Over the next few days, Taylor and Fichtel appeared on numerous television shows and radio programs, talking about the exchange’s efforts to resume normal operations.
“We probably could have been up and running by Thursday (Sept. 13),” said Charles Falk, NYBOT chairman. “But there were problems with some of our clearing members.”
Instead, NYBOT waited and held a mock trading session at the new facility on Saturday, Sept. 15, to work out any kinks.
“We really didn’t have a lot of time to try to trade,” Taylor said of the mock session. “It was more of an orientation. It was very emotional for everybody. It was the first time we had seen each other since the attack. I saw a lot of guys hugging.”
Taylor said that the new phone system in the facility was not quite able to handle the volume of calls that morning which “crashed the system.”
“We called Mayor Giuliani and he had an army transport plane from Texas bring in a new switch,” Taylor said.
The first day of real trading commenced on Monday, Sept. 17. A month later, futures and options trading at the new facility had reached seasonally normal and even higher levels, according to Taylor.
The cost of moving into the new space was estimated at $2.5 million to $3 million.
In phase two, NYBOT plans to expand the dimensions of the current building, which is one-fourth the size of the WTC facility, and return to more-normal operating hours. The WTC facility had 13 pits that supported four- to five-hour daily trading schedules. Each commodity at the backup facility currently trades on two pits for one and a half hours a day.
That expansion is now under way.
The last phase is for NYBOT to move into a permanent facility as soon as possible. And there is good reason. NYBOT reports that at least one foreign exchange has indicated that it will try to take advantage of the current emergency by attempting to transfer NYBOT’s role as world price-setter in coffee, sugar, cocoa, cotton and orange juice to its own financial center.
NYBOT estimates the cost of a new facility, plus the cost of expanding the backup facility, at around $142 million. While NYBOT had insurance for certain elements of the loss at WTC, the policy does not come close to covering the full cost of establishing a new permanent facility and of outfitting temporary facilities.
Taylor noted that NYBOT is seeking financial assistance from local, state and federal governments as it rebuilds.
By November, the terror of Sept. 11 had still not subsided for Taylor, who says he has had very little rest. “Things aren’t the same anymore, not just for me, but for the country.”
And the anthrax scare, especially since exposures have been reported in New York, “is keeping everyone on edge. Our mail is scanned and the guy who delivers mail wears gloves and a mask and is prepared on what to keep an eye out for.”
Taylor planned a family reunion in October with his parents, Walter and Word, who have homes in both Oxford, Miss., and Gulfport, Miss., sister Missie and brothers Will, Buddy and Clint.

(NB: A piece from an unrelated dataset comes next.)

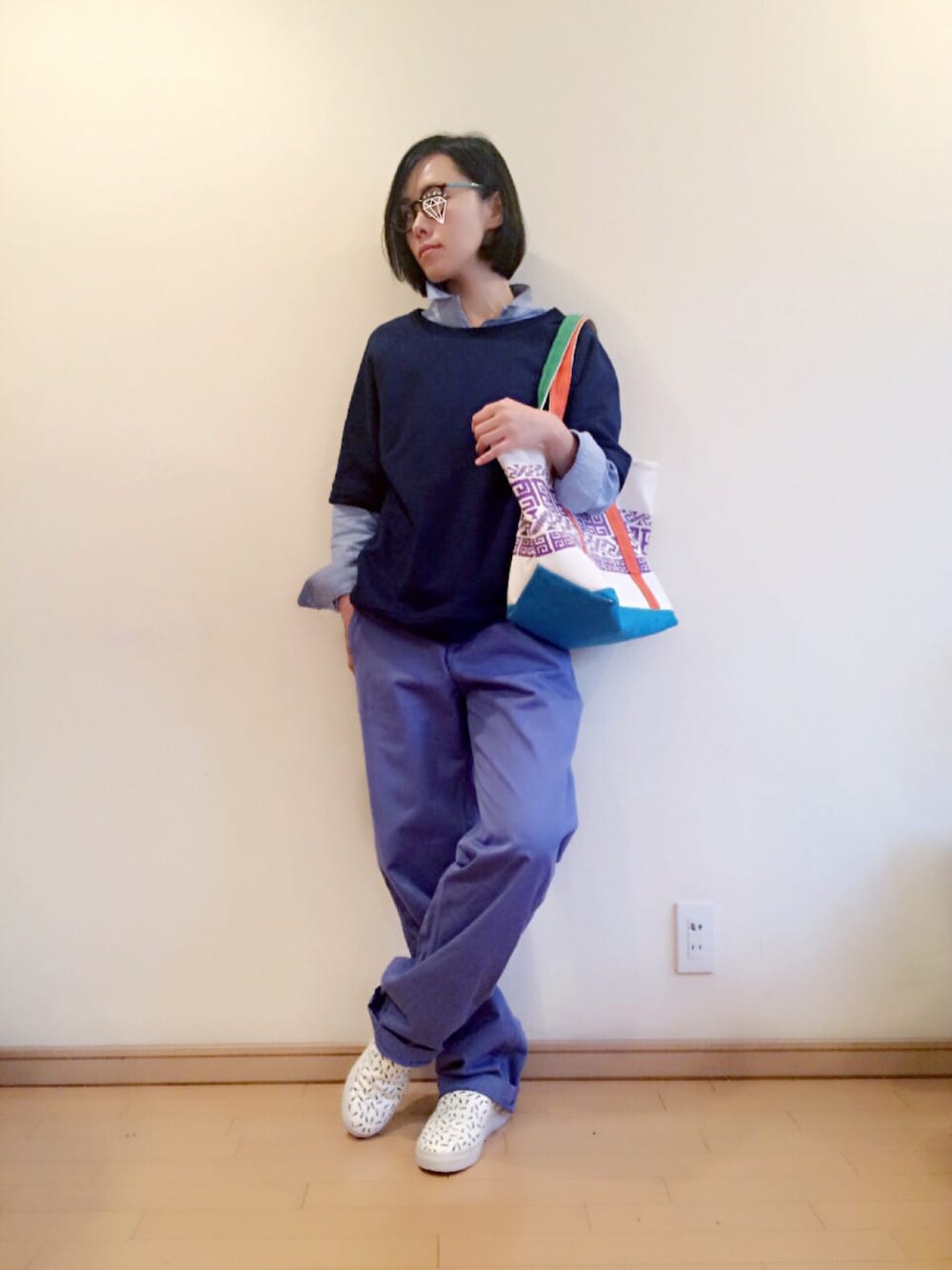 ブルーのグラデーションで☺️✨ 紺色のスウェットは サンフランシスコ発の EverLaneのメンズものです。 素材の良さとサイズ感に 惹かれました😘 肉厚で暖かいです。 ただこれではちょっと寒いので トレンチコートを羽織って 出かけました😁

The family also planned to be together this Thanksgiving. Certainly, the gathering will have special meaning.
“Our family has been through a lot recently,” he said. “It’s tough to hear my family members explain their feelings, that they were trying to deal with the fact that I might be gone.”
What’s he going to do when he sees his family for the first time since Sept. 11? “I’m going to be overwhelmed by the sense of gratitude and thankfulness,” he said. “But I’m not really sure how it’s going to hit me. I think it’s going to sweep me away.”